TNF-α, IL-6 and IL-1β appear to amplify inflammation in COPD, in part through the activation of the transcription factor, NF-kB and MAPK, thereby leading to the increased expression of multiple inflammatory genes [50]. Previous studies have demonstrated that NF-κB and MAPK are activated in bronchial biopsies and inflammatory cells of COPD individuals [51]. In addition, CS induces inflammatory cell infiltration through enhancement of NF-κB and MAPK phosphorylation [51]. Therefore, we further tested whether NF-κB and MAPK played regulatory roles in the protective effects of PJH. Consistent with these previous results, we found that CS/LPS exposure caused activation of NF-κB and ERK1/2 in lung tissue. Notably, PJH treatment evoked a significant decrease in phosphorylation of NF-κB and ERK1/2 in this mouse model of COPD, indicating that the protective effects of PJH on airway inflammatory responses induced by CS/LPS are likely closely associated with downregulation of NF-κB and ERK1/2 phosphorylation.

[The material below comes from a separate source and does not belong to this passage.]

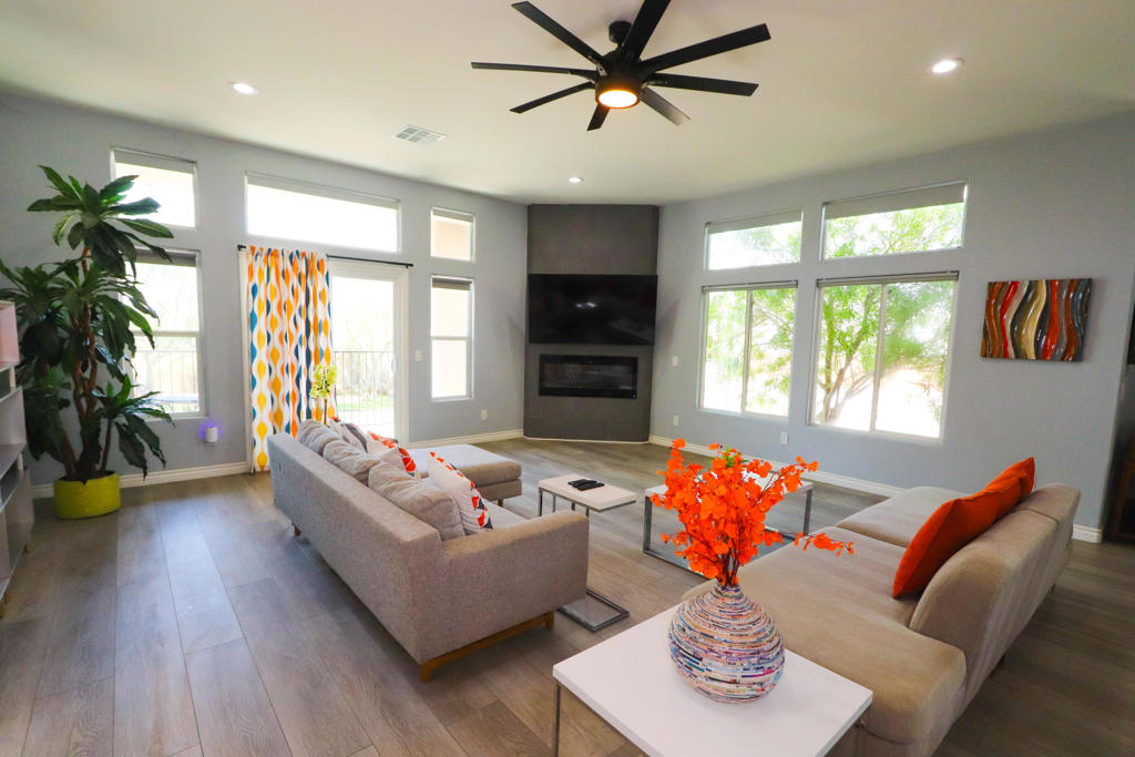This 3-bedroom, 2-bathroom beauty, built in 2006, boasts just under 2,000 square feet of thoughtfully designed living space. Featuring soaring 12-foot ceilings, a modern Santa Fe style, and an open-concept floor plan, this home exudes comfort and elegance. Recent updates include a brand-new AC unit and water heater.The spacious living room is highlighted by a sleek LED fireplace, perfect for cozy evenings. Step outside to enjoy the pool-sized backyard with mature trees, a covered patio, and a gated perimeter for added privacy. The 2-car garage, quartz countertops in the kitchen, and a laundry room with a convenient sink complete the package.Situated in the prestigious Mary Pickford’s B-Bar H Ranch, renowned for its mid-century modern homes and vacation destinations, this home is truly move-in ready and offers a rare opportunity in a prime location.

Small airways in COPD patients exhibit marked histological remodeling, with increased thickness of the airway wall compared with those of smokers, an increase attributable to changes in epithelial cells, increases in inflammatory cells, hyperplasia of smooth muscle tissue, and fibrosis [52]. Airway remodeling is mediated by a wound healing mechanism triggered by damage induced by CS and/or bacterial infection. The wound healing mechanism is controlled by interactions between the immune response and remodeling of extracellular matrix (ECM) by myofibroblasts in response to these stimuli [53]. The major structural changes in COPD lungs include increased interstitial ECM deposition and peri-bronchiolar fibrosis. Published experimental results suggest that the levels of several MMPs are increased in chronically inflamed lung tissues in disease states such as COPD [54]. Macrophages express numerous MMPs, and alveolar macrophages from COPD patients release large amounts of MMP-1 and MMP-9 with increased enzymatic activity compared with those of non-smokers or healthy smokers [55]. Notably, a previous report demonstrated that inhibition of MMP-9/MMP-12 considerably suppresses emphysema morphology and small airway remodeling [56]. In this study, PJH prevented the increase in MMP-7 and MMP-9 mRNA expression, suggesting the involvement of these MMPs in the protective signaling mechanism of PJH. Furthermore, alveolar macrophages generate MMPs and ROS, which disrupt the integrity of alveolar structures and lead to the production of fibrosis mediators such as TGF-β, ultimately causing airway remodeling. TGF-β1 is a key fibrosis marker that drives airway remodeling through differentiation of fibroblasts into myofibroblasts and production of ECM components such as collagen [44, 57]. In this study, PJH administration attenuated collagen accumulation in bronchioles and suppressed the elevated levels of TGF-β in mice exposed to CS/LPS. These results show that the protective effect of PJH on COPD might be associated with its protective effects on pulmonary remodeling and fibrosis.

Conclusions

The present results demonstrate that PJH treatment significantly reduces the inflammatory response and airway remodeling induced by CS/LPS exposure, and decreases phosphorylation of NF-κB and ERK1/2. Our study provides evidence that PJH exhibits therapeutic potential to prevent COPD.